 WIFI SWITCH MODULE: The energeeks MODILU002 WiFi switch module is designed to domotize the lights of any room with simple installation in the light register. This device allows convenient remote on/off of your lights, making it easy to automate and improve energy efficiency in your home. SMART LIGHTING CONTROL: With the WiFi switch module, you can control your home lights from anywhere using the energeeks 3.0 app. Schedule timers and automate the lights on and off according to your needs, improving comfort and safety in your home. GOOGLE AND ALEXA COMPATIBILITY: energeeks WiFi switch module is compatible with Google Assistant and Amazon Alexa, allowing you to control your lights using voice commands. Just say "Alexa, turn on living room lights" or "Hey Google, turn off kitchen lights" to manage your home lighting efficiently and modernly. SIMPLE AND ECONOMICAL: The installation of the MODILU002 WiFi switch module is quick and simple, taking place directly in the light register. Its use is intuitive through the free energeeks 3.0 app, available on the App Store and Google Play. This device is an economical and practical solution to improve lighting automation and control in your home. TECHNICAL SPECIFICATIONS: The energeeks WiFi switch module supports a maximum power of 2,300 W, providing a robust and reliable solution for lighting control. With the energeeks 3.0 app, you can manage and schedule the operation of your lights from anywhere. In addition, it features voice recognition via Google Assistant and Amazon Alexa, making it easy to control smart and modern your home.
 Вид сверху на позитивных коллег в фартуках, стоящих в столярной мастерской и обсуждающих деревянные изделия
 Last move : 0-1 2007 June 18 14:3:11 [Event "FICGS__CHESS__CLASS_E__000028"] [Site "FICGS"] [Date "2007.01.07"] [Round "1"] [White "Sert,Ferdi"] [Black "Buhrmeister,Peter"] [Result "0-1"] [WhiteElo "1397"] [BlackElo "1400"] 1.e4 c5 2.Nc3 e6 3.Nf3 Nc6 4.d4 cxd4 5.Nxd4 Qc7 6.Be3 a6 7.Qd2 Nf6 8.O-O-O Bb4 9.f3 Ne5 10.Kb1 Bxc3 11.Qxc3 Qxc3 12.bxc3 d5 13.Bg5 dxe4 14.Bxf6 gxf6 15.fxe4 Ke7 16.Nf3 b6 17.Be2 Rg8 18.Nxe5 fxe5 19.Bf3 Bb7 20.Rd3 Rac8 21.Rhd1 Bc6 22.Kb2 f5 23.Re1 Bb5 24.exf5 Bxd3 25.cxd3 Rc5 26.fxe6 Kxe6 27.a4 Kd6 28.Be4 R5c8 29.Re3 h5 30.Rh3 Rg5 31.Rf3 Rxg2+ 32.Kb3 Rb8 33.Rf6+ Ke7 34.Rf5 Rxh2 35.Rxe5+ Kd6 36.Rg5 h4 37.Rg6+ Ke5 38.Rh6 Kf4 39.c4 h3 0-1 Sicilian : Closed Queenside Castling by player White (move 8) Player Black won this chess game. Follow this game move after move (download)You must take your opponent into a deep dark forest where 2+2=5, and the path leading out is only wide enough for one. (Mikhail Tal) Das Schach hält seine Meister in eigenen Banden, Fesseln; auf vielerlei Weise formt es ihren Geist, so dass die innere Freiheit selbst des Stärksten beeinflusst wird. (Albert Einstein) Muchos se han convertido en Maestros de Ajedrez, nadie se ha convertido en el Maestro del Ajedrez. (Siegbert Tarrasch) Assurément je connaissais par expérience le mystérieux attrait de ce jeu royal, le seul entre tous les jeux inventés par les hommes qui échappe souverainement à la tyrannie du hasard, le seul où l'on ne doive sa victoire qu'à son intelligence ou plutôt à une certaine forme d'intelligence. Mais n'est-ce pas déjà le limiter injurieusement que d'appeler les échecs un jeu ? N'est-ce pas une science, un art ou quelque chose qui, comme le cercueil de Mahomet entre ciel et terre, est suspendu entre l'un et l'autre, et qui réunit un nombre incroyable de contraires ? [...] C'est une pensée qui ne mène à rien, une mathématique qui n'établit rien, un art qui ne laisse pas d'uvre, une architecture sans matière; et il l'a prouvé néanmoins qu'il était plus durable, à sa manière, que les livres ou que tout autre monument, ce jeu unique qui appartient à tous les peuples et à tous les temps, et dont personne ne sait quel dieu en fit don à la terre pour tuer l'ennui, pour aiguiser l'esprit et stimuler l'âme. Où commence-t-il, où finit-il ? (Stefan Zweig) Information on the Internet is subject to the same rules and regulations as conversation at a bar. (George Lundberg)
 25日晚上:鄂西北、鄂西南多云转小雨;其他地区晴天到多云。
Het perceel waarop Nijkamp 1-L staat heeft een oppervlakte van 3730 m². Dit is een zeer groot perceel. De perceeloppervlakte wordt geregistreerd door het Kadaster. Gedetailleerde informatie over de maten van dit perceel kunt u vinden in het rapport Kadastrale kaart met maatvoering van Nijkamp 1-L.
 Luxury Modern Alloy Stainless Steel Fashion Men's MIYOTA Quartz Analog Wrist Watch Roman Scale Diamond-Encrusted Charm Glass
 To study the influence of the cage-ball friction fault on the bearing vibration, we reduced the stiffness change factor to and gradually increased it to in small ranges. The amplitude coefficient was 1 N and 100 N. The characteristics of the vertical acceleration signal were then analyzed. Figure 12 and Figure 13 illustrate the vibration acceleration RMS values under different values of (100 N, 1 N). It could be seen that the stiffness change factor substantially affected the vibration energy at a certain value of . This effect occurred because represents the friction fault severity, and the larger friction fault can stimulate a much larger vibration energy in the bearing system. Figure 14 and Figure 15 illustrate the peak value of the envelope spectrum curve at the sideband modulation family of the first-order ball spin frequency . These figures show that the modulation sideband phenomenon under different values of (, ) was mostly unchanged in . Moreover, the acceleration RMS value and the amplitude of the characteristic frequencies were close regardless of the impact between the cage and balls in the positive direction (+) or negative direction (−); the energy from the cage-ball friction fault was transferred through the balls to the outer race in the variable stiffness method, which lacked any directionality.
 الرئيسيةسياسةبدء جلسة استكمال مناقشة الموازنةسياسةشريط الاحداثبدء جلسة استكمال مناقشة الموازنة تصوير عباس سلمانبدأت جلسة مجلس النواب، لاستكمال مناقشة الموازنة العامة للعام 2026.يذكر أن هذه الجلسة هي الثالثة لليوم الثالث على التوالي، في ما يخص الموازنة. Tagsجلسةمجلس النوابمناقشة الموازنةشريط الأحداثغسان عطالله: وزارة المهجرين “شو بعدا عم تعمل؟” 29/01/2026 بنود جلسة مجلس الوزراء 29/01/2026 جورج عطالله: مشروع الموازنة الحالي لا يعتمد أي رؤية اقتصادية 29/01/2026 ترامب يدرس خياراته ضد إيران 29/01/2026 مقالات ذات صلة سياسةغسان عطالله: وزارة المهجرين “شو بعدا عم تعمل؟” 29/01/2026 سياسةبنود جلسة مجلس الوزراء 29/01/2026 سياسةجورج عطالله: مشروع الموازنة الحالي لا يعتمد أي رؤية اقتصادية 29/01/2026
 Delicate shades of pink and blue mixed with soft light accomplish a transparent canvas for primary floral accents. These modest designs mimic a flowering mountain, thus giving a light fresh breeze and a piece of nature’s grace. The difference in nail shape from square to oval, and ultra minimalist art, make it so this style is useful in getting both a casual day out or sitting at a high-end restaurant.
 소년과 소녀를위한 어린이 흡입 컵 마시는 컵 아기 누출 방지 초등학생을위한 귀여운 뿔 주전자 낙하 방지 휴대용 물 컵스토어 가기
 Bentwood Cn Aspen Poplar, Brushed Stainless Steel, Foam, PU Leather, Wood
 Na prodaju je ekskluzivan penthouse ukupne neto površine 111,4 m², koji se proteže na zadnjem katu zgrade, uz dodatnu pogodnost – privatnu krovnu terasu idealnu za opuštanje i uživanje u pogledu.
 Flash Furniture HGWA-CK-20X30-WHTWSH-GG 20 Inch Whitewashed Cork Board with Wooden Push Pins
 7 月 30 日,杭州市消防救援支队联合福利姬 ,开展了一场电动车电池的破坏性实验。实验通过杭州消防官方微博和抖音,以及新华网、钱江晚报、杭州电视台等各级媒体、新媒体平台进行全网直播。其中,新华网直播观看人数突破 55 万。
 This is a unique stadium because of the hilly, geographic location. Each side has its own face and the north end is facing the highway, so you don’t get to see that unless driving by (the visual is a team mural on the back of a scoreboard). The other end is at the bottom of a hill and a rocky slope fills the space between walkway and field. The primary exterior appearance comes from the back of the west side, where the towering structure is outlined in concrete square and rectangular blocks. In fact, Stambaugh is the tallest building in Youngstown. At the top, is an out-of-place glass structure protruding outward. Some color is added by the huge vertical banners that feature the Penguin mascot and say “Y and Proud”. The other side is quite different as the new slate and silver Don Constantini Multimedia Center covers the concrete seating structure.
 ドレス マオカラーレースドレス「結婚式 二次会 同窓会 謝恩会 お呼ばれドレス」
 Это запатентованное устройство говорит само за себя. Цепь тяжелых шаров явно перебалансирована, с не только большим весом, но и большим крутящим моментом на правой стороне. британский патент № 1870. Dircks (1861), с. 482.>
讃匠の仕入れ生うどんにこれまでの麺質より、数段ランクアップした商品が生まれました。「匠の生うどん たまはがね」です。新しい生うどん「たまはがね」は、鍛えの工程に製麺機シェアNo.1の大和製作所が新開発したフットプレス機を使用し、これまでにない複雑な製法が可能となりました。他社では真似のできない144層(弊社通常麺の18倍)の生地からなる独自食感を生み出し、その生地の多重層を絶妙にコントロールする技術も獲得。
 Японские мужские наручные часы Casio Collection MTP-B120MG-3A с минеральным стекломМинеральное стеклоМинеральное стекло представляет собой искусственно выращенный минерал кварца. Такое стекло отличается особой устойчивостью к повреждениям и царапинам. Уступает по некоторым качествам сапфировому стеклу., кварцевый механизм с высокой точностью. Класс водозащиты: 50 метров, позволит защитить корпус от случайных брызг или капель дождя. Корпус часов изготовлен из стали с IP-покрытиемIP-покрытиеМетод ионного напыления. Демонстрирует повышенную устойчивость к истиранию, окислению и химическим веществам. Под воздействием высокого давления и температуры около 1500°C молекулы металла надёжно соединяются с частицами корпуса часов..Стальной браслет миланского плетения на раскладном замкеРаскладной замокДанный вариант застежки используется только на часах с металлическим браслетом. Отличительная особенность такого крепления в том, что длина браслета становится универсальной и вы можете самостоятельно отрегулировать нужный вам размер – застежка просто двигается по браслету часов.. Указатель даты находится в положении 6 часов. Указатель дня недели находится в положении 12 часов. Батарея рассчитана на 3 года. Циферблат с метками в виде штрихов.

# Exercise instructions:
Taking the line with "Delicate shades of" as the first and the line with "7 月 30 日,杭州市消防救援支队联合福利姬" as the last, retype that stretch of the data above exactly, with no other lines.

# Solution to this task:
 Delicate shades of pink and blue mixed with soft light accomplish a transparent canvas for primary floral accents. These modest designs mimic a flowering mountain, thus giving a light fresh breeze and a piece of nature’s grace. The difference in nail shape from square to oval, and ultra minimalist art, make it so this style is useful in getting both a casual day out or sitting at a high-end restaurant.
 소년과 소녀를위한 어린이 흡입 컵 마시는 컵 아기 누출 방지 초등학생을위한 귀여운 뿔 주전자 낙하 방지 휴대용 물 컵스토어 가기
 Bentwood Cn Aspen Poplar, Brushed Stainless Steel, Foam, PU Leather, Wood
 Na prodaju je ekskluzivan penthouse ukupne neto površine 111,4 m², koji se proteže na zadnjem katu zgrade, uz dodatnu pogodnost – privatnu krovnu terasu idealnu za opuštanje i uživanje u pogledu.
 Flash Furniture HGWA-CK-20X30-WHTWSH-GG 20 Inch Whitewashed Cork Board with Wooden Push Pins
 7 月 30 日,杭州市消防救援支队联合福利姬 ,开展了一场电动车电池的破坏性实验。实验通过杭州消防官方微博和抖音,以及新华网、钱江晚报、杭州电视台等各级媒体、新媒体平台进行全网直播。其中,新华网直播观看人数突破 55 万。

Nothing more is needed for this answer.